But these innovations developed gradually. In the beginning, Brakhage depicted recognizable forms that had been directly filmed. The earliest work in the Criterion set is Desistfilm (1954), in which the drunken goings-on at a party are recorded. Brakhage has said that the response to this seven minutes of film amazed him; charges were set forth, for instance, that the guests were smoking pot (they weren’t) and critics of the piece — never clearly identified by the director — apparently found an amorality in this group of beatniks that they found scandalizing.
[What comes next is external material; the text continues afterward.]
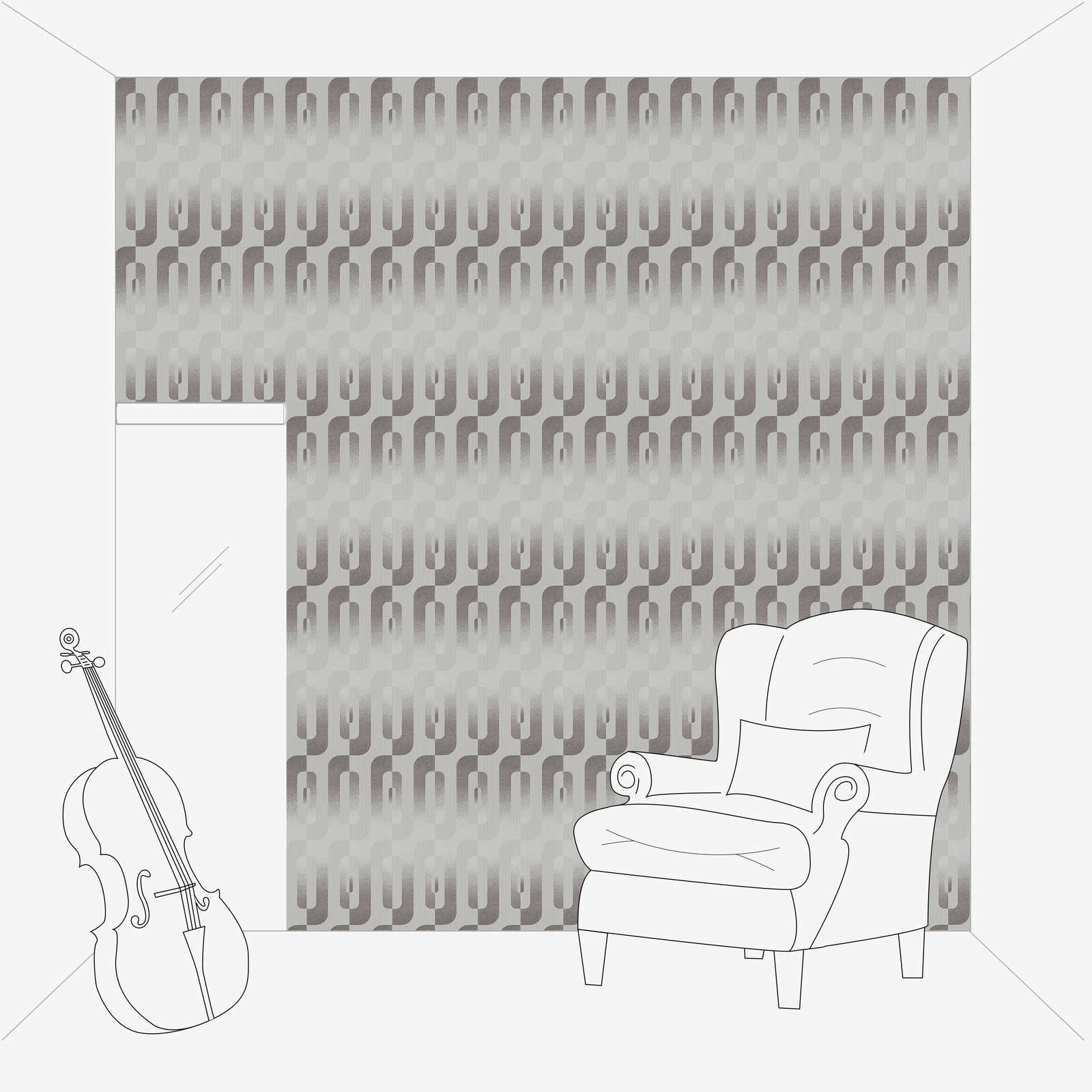 Grafik-Tapete mit Reto Muster in Grau und Silber

In fact, nothing very racy takes place, and no clear narrative emerges from it. The temptation is to believe that the film’s tendency toward something bigger than representation was what was shocking about it in 1954: Brakhage here swings the camera and experiments with composition and placement, and his editing defies narrative form. More than that, he conveys the impression in this short piece that he takes this work seriously and he asks that the viewer do, too.

This insistence found its full voice in Dog Star Man (1961-64), a 74-minute epic on what Brakhage calls “the big daddy” theme, or man in his natural state as father, husband, lover, and provider, pitted against nature, and seen from the atomic to the astral levels. Dog Star Man is the centerpiece of the Criterion DVD collection, a big work (it’s told in four parts, plus a lengthy prelude) that is redolent of Brakhage’s many literary and artistic influences. Its very conception — a portrait of a man in all of life’s roles — recalls in part James Joyce’s depiction of Leopold Bloom in Ulysses. Dog Star Man is a work of realism into which abstraction intrudes. It was in this film that he first scratched and painted designs directly onto film, and his use of such devices as under- or over-exposing film or experimenting with focus, not only render much of Dog Star Man truly abstract, but signal the full acceptance by the filmmaker of those methods which bloom so magnificently in his later work.
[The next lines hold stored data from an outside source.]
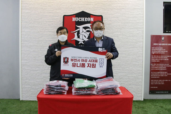 부천FC1995(이하 부천)가 부천시 지역 대표 여성축구단에 부천의 공식유니폼을 전달하는 행사를 진행하고 향후 부천의 여성축구 발전 지원 사업을 계획한다.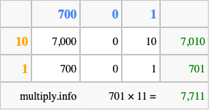 Below is an illustration showing you how to calculate 701 times 11 using the box method, using the instructions above.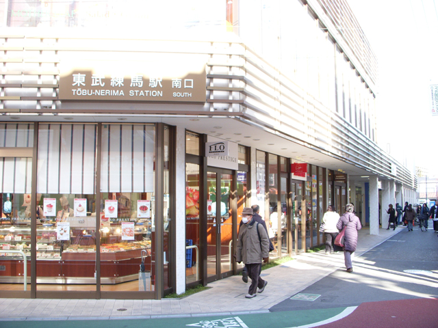 東武練馬駅南口。駅の外観は改装され、喫茶店やパン屋などが新たにテナントとして入った。

The “plot” of Dog Star Man is the ascent of a man (the filmmaker) up a mountainside, where he encounters Yggradsil, the Nordic tree of life. It’s an awesomely ambitious work, but is it entirely successful? It has to be said that you may have to be Stan Brakhage to spot the influence of Ezra Pound or Olivier Messiaen in his work. (Gertrude Stein’s influence is somewhat more evident in Brakhage’s repetition and in the way elements in his films refuse to function in the way they are traditionally intended.) What is obvious watching Dog Star Man is its creator’s familiarity with literature, mythology and lore. The risks taken in the film are substantial. Sometimes they pay off enormously, as in the talismanic, foreboding prelude. But sometimes, as in Part II, the theme of which is birth, the collage effect fails aesthetically, in this instance because the central image of the baby — who is pictured in a crib in a traditional home — is at odds with the wilderness in which the rest of the segment plays out.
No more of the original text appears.